# Question on labels and RN#



## puertopass (Jan 13, 2009)

Please, can someone help me with a question regarding the RN#? I have read the different threads regarding tags/labels and there is still something not clear. Can the business name be used and not put the RN# in the label? For example the name of the LLC is the same as the business name (DBA) except for the "LLC" part? 

I thought I was going to be forced to get an RN#, but then someone posted pictures of Johnny Cupcakes labels and they did not seem to have an RN# (unless I missed it). Johnny Cupcakes is the DBA name. So, If I used the DBA name, can I skip the RN#, or would I have to use the full company name (e.g with "LLC")? Thanks for any clarifications.


----------



## splathead (Dec 4, 2005)

Technically all garments must have an RN #. Here are the govt rules Threading Your Way Through the Labeling Requirements Under the Textile and Wool Acts

The label name does not have to match the name under the RN #. So if you relabel a shirt you can use the manufacturers RN #.

Just because you don't see it on a picture doesn't mean it's not on another part of the garment, like the side seam.


----------



## puertopass (Jan 13, 2009)

According to the above link from the FTC, it seems like the company name CAN be used without the RN#? The issue comes to what is the company name. Can the DBA name (which is the name in the county document) be used instead of the LLC/Inc name?

About Johnny Cupcakes t-shirts, is the RN# in the inside? Usually companies put the RN# either in the label with the trademark/company name, or in the Care instructions. It did not seem to be displayed in any of them.


----------



## hacksaw (Aug 19, 2008)

I posted this in another thread... Can someone give me a little clarification. Thanks


Ok just so I am clear... I am relabeling gildan t-shirts. I am removing the top tag and placing my tag in leaving the bottom tag. First, is the okay. Second, my tag includes the name of my company minus LLC. Our brand is the name of the company. Is this okay??? Or am I required to use LLC on my tag when using gildans RN#. Thanks for your help I hate to keep beating a dead horse.


----------



## splathead (Dec 4, 2005)

hacksaw said:


> Ok just so I am clear... I am relabeling gildan t-shirts. I am removing the top tag and placing my tag in leaving the bottom tag. First, is the okay. Second, my tag includes the name of my company minus LLC. Our brand is the name of the company. Is this okay??? Or am I required to use LLC on my tag when using gildans RN#. Thanks for your help I hate to keep beating a dead horse.

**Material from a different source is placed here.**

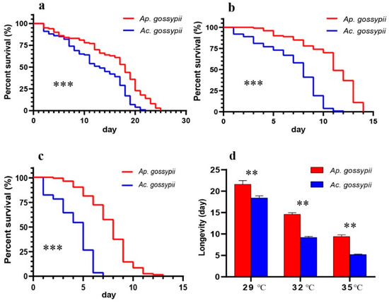 In general, the longevity of Ac. gossypii was reduced to a greater extent by high temperatures than the longevity of Ap. gossypii (Figure 2d). For example, an increase from 29 to 35 °C caused the longevity of Ac. gossypii to drop by 72%, while that of Ap. gossypii declined only 53%.

Yes, it's ok to keep the Gildan tag which includes washing instructions and RN#.

Your top tag can say anything it wants to. Your brand, just your logo, a slogan, anything. Or nothing. As long as you keep Gildan's bottom tag in you don't have to have any other tag at all.


----------



## Solmu (Aug 15, 2005)

puertopass said:


> Can the business name be used and not put the RN# in the label?


Yes.



puertopass said:


> I thought I was going to be forced to get an RN#, but then someone posted pictures of Johnny Cupcakes labels and they did not seem to have an RN# (unless I missed it).


The RN is normally on the back of the label; maybe it was out of shot.



puertopass said:


> So, If I used the DBA name, can I skip the RN#, or would I have to use the full company name (e.g with "LLC")?


You'd need to check with the FTC to be sure, but I think a DBA would count as a trade name; they specifically say a trade name is not adequate, and that it needs to be the full legal name of the company responsible.


----------



## Solmu (Aug 15, 2005)

splathead said:


> Technically all garments must have an RN #.


Just for the sake of clarity, this is not true.

It's an RN *or* the full legal name of the company. Since most people have a trading name that is different to their full legal company name though, an RN is generally easier and more attractive for the label.


----------